After working together to get Sherrod down the stairs, Walthour and two firefighters worked to stabilize him in the back of the ambulance, while Rollins drove, with lights and siren blaring, to Paulding County Hospital.

Walthour says Sherrod's age may have helped him beat the odds.

"When we have somebody like that, we know we have a viable patient," Walthour says.  "So, time was the most important thing we had."

At the ER, doctors and nurses were waiting.

Sherrod was placed on life support.

Then, as his kidneys began shutting down, and pneumonia set in, Hall and his family held their breath.

"The doctors try to prepare you for, for worst-case scenario," she says, tearing up.
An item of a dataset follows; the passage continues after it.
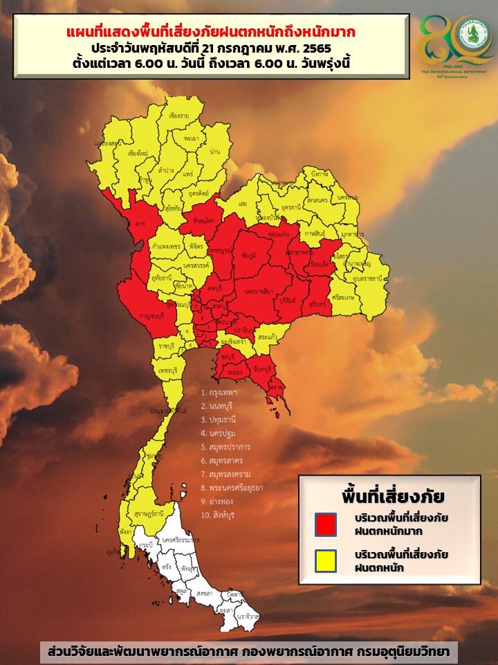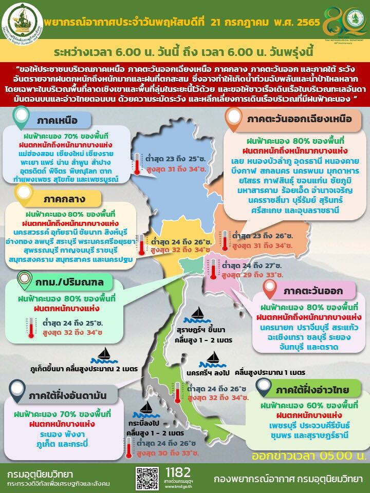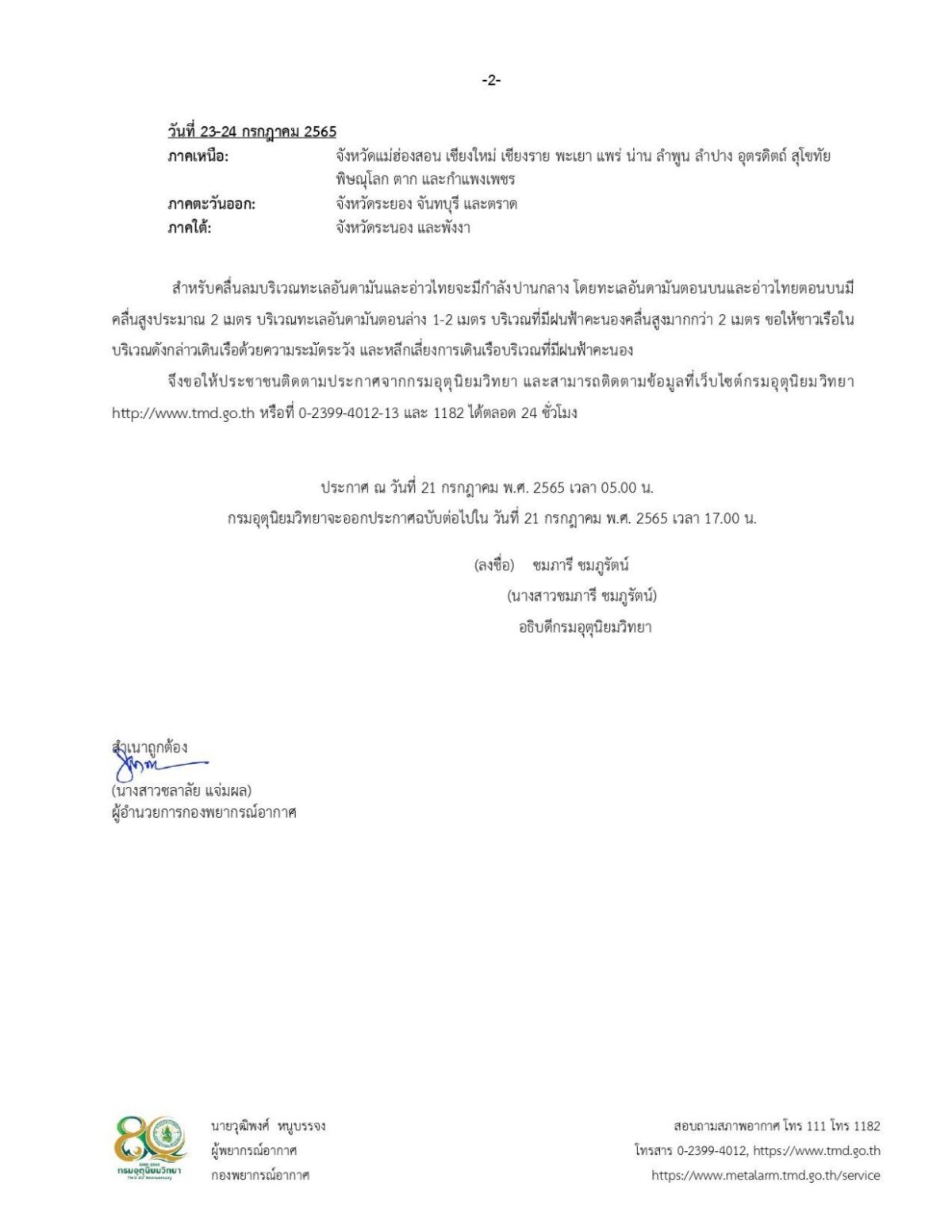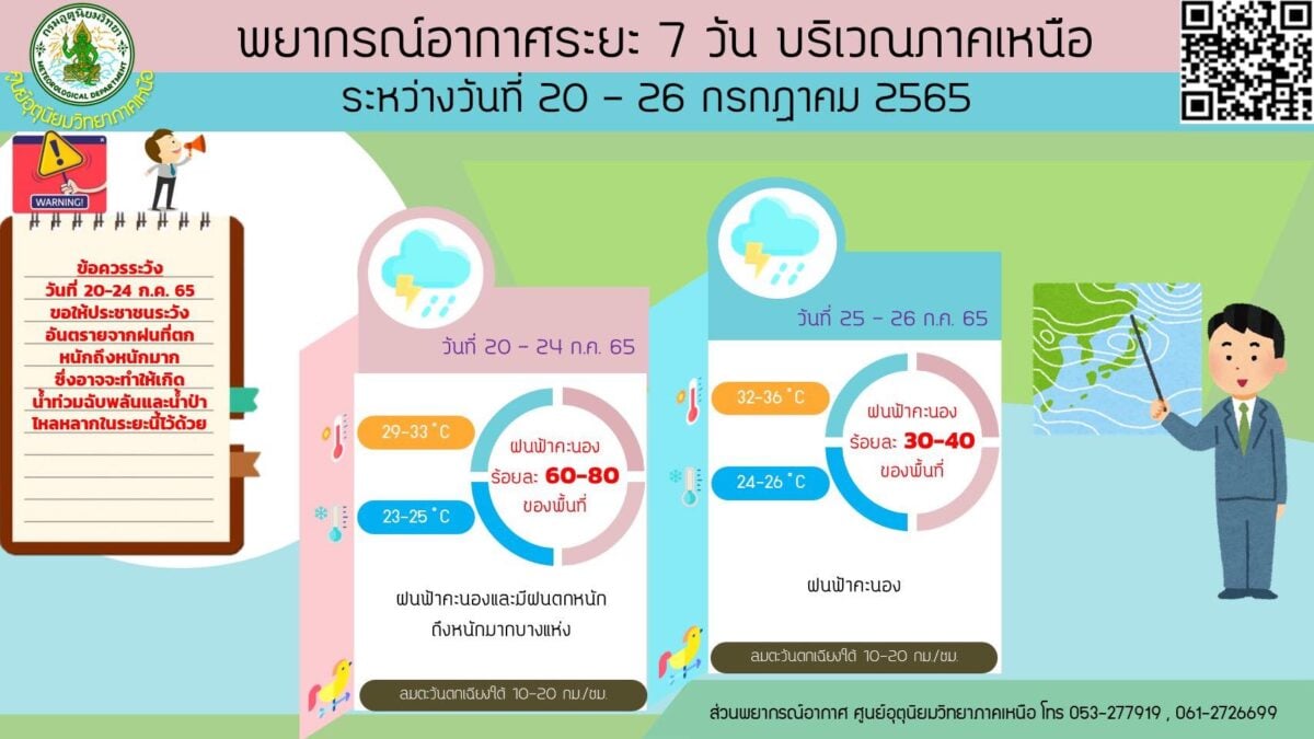 ร่องมรสุมกำลังแรงพาดผ่านภาคเหนือ ประกอบกับมรสุมตะวันตกเจียงใต้กำลังปานกลาง พัดปกคลุมทะเลอันดามัน ภาคใต้ และอ่าวไทย ทำให้ภาคเหนือมีฝนเพิ่มขึ้นและมีฝนตกหนักถึงหนักมากบาง พื้นที่ ขอให้ประชาชนบระวังอันตรายจากฝนตกหนักถึงหนักมากและฝนตกสะสมซึ่งอาจทำให้เกิดน้ำท่วม ฉับพลันและน้ำป่าไหลหลากได้ จังหวัดที่คาดว่าจะมีฝนตกหนักถึงหนักมากบางแห่ง มีดังนี้ ในวันที่ 21-22 กรกฎาคม 2565 : จังหวัดแม่ฮ่องสอน เชียงใหม่ เชียงราย ลำพูน ลำปาง พะเยา แพร่ น่าน ตาก สุโขทัย กำแพงเพชร อุตรดิตถ์ พิษณุโลก พิจิตร และเพชรบูรณ์ ในวันที่ 23-24 กรกฎาคม 2565 : จังหวัดแม่ฮ่องสอน เชียงใหม่ เชียงราย ลำพูน ลำปาง พะเยา แพร่ น่าน ตาก สุโขทัย กำแพงเพชร อุตรดิตถ์ และพิษณุโลก จึงขอให้ประชาชนติดตามประกาศจากกรมอุตุนิยมวิทยา และสามารถติดตามข้อมูลที่เว็บไซต์ ศูนย์อุตุนิยมวิทยาภาคเหนือ http://www.cmmet.tmd.go.th หรือที่ 053-279919 ได้ตลอด 24 ชั่วโมง

Less than 10 percent of people who go into cardiac arrest outside of a hospital survive.

But, 7 days later, Daniel woke up, unaware of how close he'd come to dying.

"The doctors said I had less than 10 percent chance of surviving," he smiles.  "And, here I am!"

Word spread quickly to Station 3 and Metro Atlanta Ambulance.

 "It gives you a good rush," Bill Walthour says.

Clotfelter says a cheer went up at the station.

"Because that was one of our big things: is he going to be okay, is he going to make it," he says.

Kasey Rollins says this one her first "big one."

"It was awesome, that I was a part of it," she says.

Doctors implanted a defibrillator to shock Sherrod's heart if it goes into an abnormal rhythm.

He's now back at work.

Later this year, Daniel Sherrod and Gabrielle Hall will celebrate their wedding.

Some couples, he says, may have doubts about whether they've chosen the right path.

Daniel Sherrod doesn't.

"I know who saved my life," Sherrod says.  "I know who has been there for me. I know who I love.  So, there is no question in my mind."